NEW SECTION. Sec. 36. The following acts or parts of acts are each repealed:
(1) RCW
73.04.050 (Right to peddle, vend, sell goods without license
—License fee on business established under act of congress prohibited) and 2012 c 117 s 504, 1945 c 144 s 9, & 1903 c 69 s 1; and
(2) RCW
73.04.060 (Right to peddle, vend, sell goods without license
—Issuance of license) and 2012 c 117 s 505, 1945 c 144 s 10, & 1903 c 69 s 2.
NEW SECTION. Sec. 37. RCW 85.05.130 (Assessment of benefited lands formerly omitted—Procedure—Appeals) and 2013 c 23 s 385, 1971 c 81 s 157, 1913 c 89 s 1, 1901 c 111 s 1, & 1895 c 117 s 13 are each repealed.
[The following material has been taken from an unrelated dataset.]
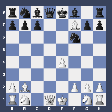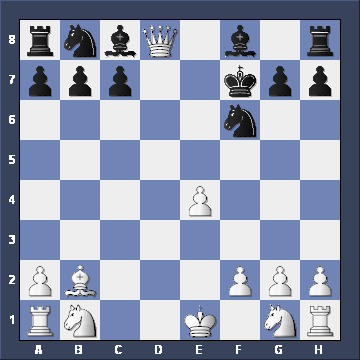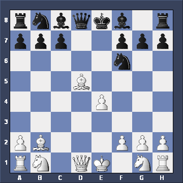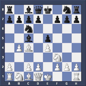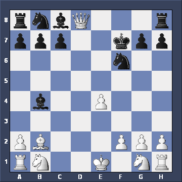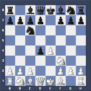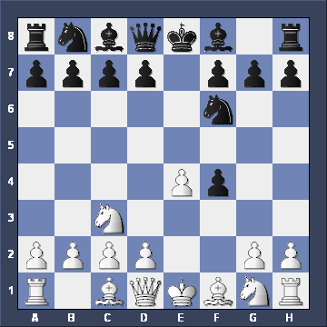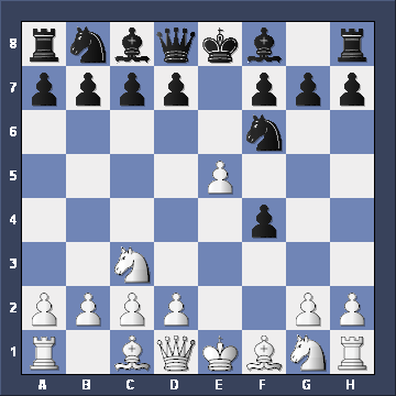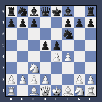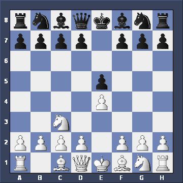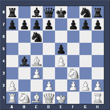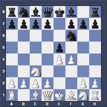 Returning to the position after White's 3rd move, c2-c3, rather than taking the pawns he can strike back in the center at once. Can you see how? (There was a clue earlier!)![]()

Sec. 38. RCW
9A.72.160 and 1985 c 327 s 1 are each amended to read as follows:
(1) A person is guilty of intimidating a judge if a person directs a threat to a judge because of a ruling or decision of the judge in any official proceeding, or if by use of a threat directed to a judge, a person attempts to influence a ruling or decision of the judge in any official proceeding.
(2) "Threat" as used in this section means:
(a) To communicate, directly or indirectly, the intent immediately to use force against any person who is present at the time; or
(b) Threats as defined in RCW
9A.04.110((
(25)))
(28).
(3) Intimidating a judge is a class B felony.